Sinovel Wind (Group) Co., Ltd.
- Native name: 华锐风电科技(集团)股份有限公司
- Type: Limited company
- Traded as: SSE: 601558
- Industry: Wind power
- Founded: 2005 (Beijing)
- Founder: Han Junliang
- Headquarters: Beijing, People's Republic of China
- Products: Wind turbines
- Parent: Dalian Huarui Heavy Industry Group
- Website: www.sinovel.com

= Sinovel =

Sinovel Wind Group Company (华锐风电) is a Chinese state-owned wind turbine manufacturer headquartered in Beijing.

Sinovel is affiliated with a Chinese state-owned company, Dalian Heavy Mechanical & Electrical Equipment Engineering.
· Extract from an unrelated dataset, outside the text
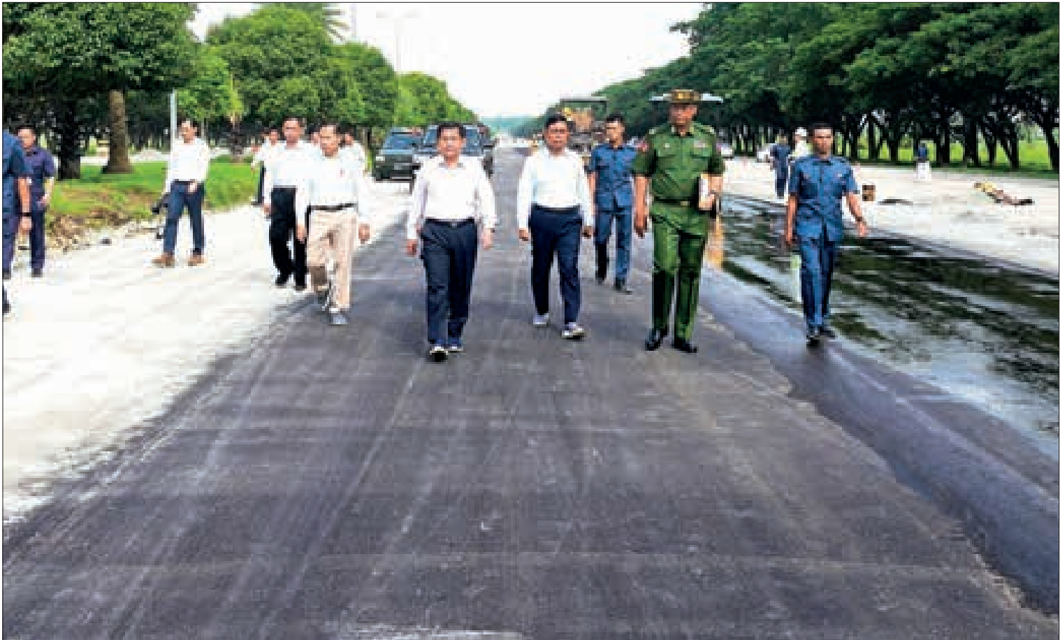
State Administration Council Chairman Prime Minister Senior General Min Aung Hlaing is pictured during his inspection of the repair and upgrading of roads in Nay Pyi Taw.

He stressed that at curved sections of the median strip, road evenness must also be ensured, and road paving works must be carried out promptly and efficiently to ensure their

It was founded in 2005 by Han Junliang.

==History==
Sinovel was founded by Han Junliang who later became the first wind power billionaire after the IPO of the company in 2011. Initially capital of 100 million yuan was provided by a Chinese state-owned company, Dalian Heavy Mechanical & Electrical Equipment Engineering.

Donghai Bridge Wind Farm, the first offshore wind farm in China, began operation in July 2010 using 34 3 MW Sinovel turbines.
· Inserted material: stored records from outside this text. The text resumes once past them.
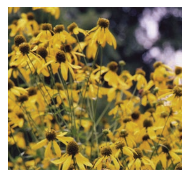
Robert Ritchie, Niagara Parks Commission

Green-headed Coneflower is found in moist, open areas. It should be planted in full to partial sun with moderate to poor drainage.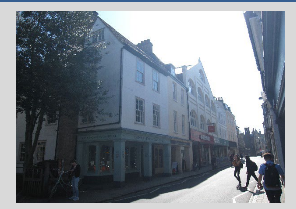
We reserve a set amount of rooms in Pearce Hostel for Side F students. These rooms are located above the shops in Bridge Street. The majority are en suite, and have access to full kitchens with ovens and hobs.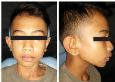
Figure 10. Extraoral clinical examination on 86 th day showed no facial asymmetry.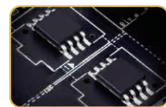
GIGABYTE Patented DualBIOS™ (UEFI) Design

In December 2010, the Massachusetts Water Resources Authority ordered a 1.5 MW wind turbine to power a wastewater pumping station in Charlestown, Boston.

In 2011, Sinovel was listed on the Shanghai Stock Exchange and raised $1.4 billion.

In 2014, its chairman, Wang Yuan resigned from its post.

==Subsidiary==
- Dalian Guotong Electronics

==Controversies==
The firm was accused of stealing software from AMSC and was sued by the company. On 27 June 2013, the United States Department of Justice charged Sinovel and three individuals with theft of trade secrets. On 24 January 2018 a U.S. federal jury in Madison, Wisconsin found Sinovel guilty of stealing trade secrets from AMSC causing the American company to lose over US$800 million. The jury found that Sinovel stole trade secrets and copyrighted information with the intention of building its own versions of AMSC systems and retrofit previously built wind turbines so it could avoid having to pay AMSC for its technology. According to a press release by AMSC on 3 July 2018, AMSC has settled the lawsuit with Sinovel.